At week 24, median percent changes in enthesitis scores (-42.9 for STELARA 45 mg and -50.0 for STELARA 90 mg) and dactylitis scores (-75.0 for STELARA 45 mg and -70.8 for STELARA 90 mg) were significantly higher than those seen for patients receiving placebo (P < 0.001 for all comparisons). Improvements in enthesitis scores (-83.3, -74.2 and -87.5) and dactylitis scores (-100 in all patients) in the STELARA 45 mg, 90 mg and crossover groups, respectively, continued through week 52.
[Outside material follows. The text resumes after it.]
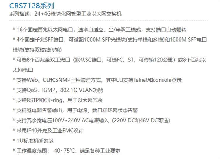 RS7128系列24 4G模块化网管型工业以太网交换机
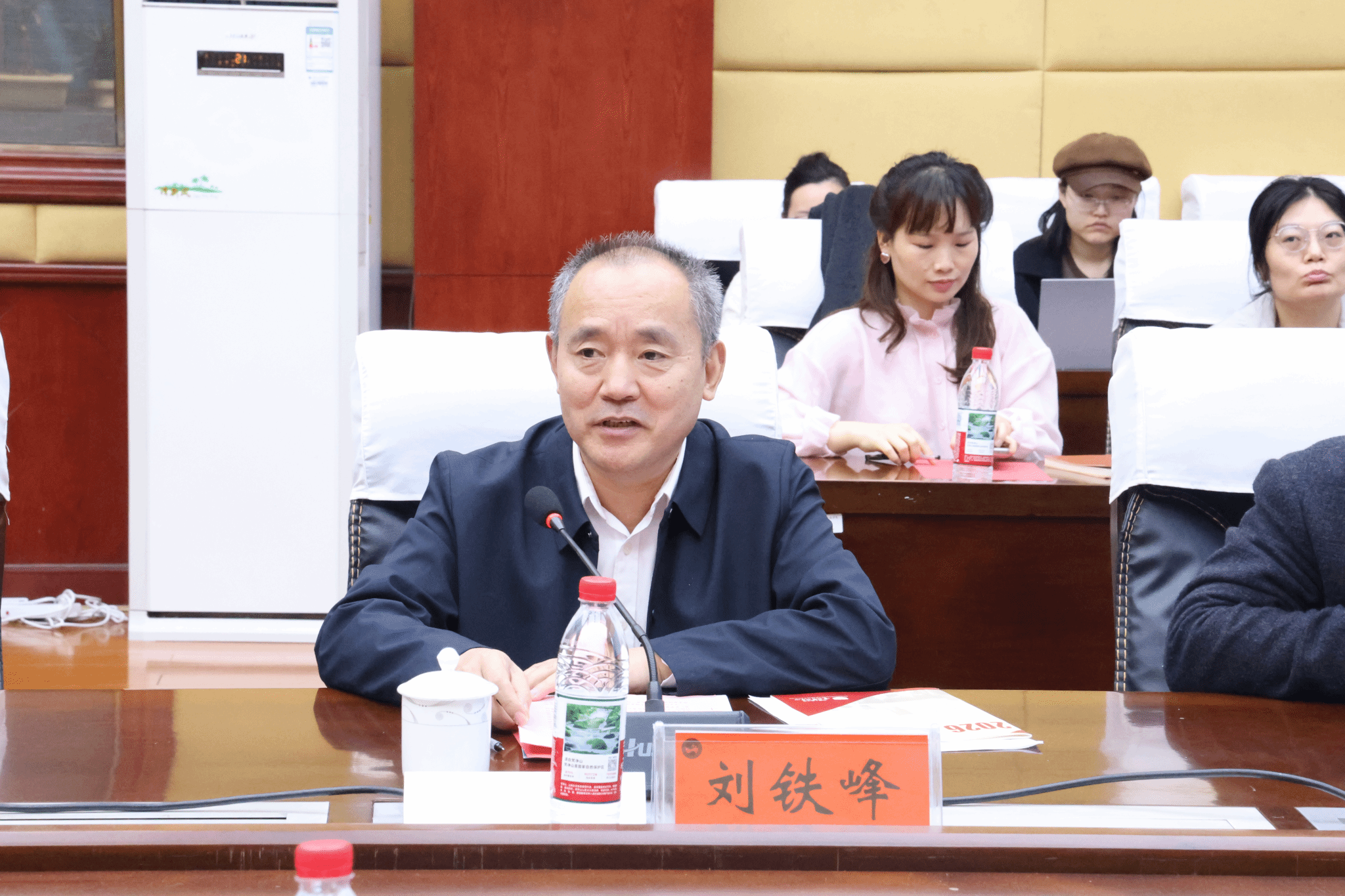 会上,刘铁峰对万千的到来表示热烈欢迎。他简要介绍了学校的发展历程与办学成果,重点指出本校学报期刊的特色栏目设置与学术传播成效,强调期刊始终以服务学术创新为核心,不断优化学术传播机制,推动更多高水平研究成果产出。

A similar proportion of patients experienced at least one AE or serious AE through week 16, the placebo-controlled period of PSUMMIT I. Safety through week 52 was consistent with that observed during the placebo-controlled period between STELARA 45 mg and 90 mg groups in the incidence of AEs (66.8 percent and 64.7 percent, respectively) and serious AEs (5.9 percent and 3.4 percent, respectively).
No malignancies, cases of TB, opportunistic infections or deaths occurred through week 52. Investigators reported three MACE in STELARA-treated patients in patients with multiple pre-existing cardiovascular risk factors.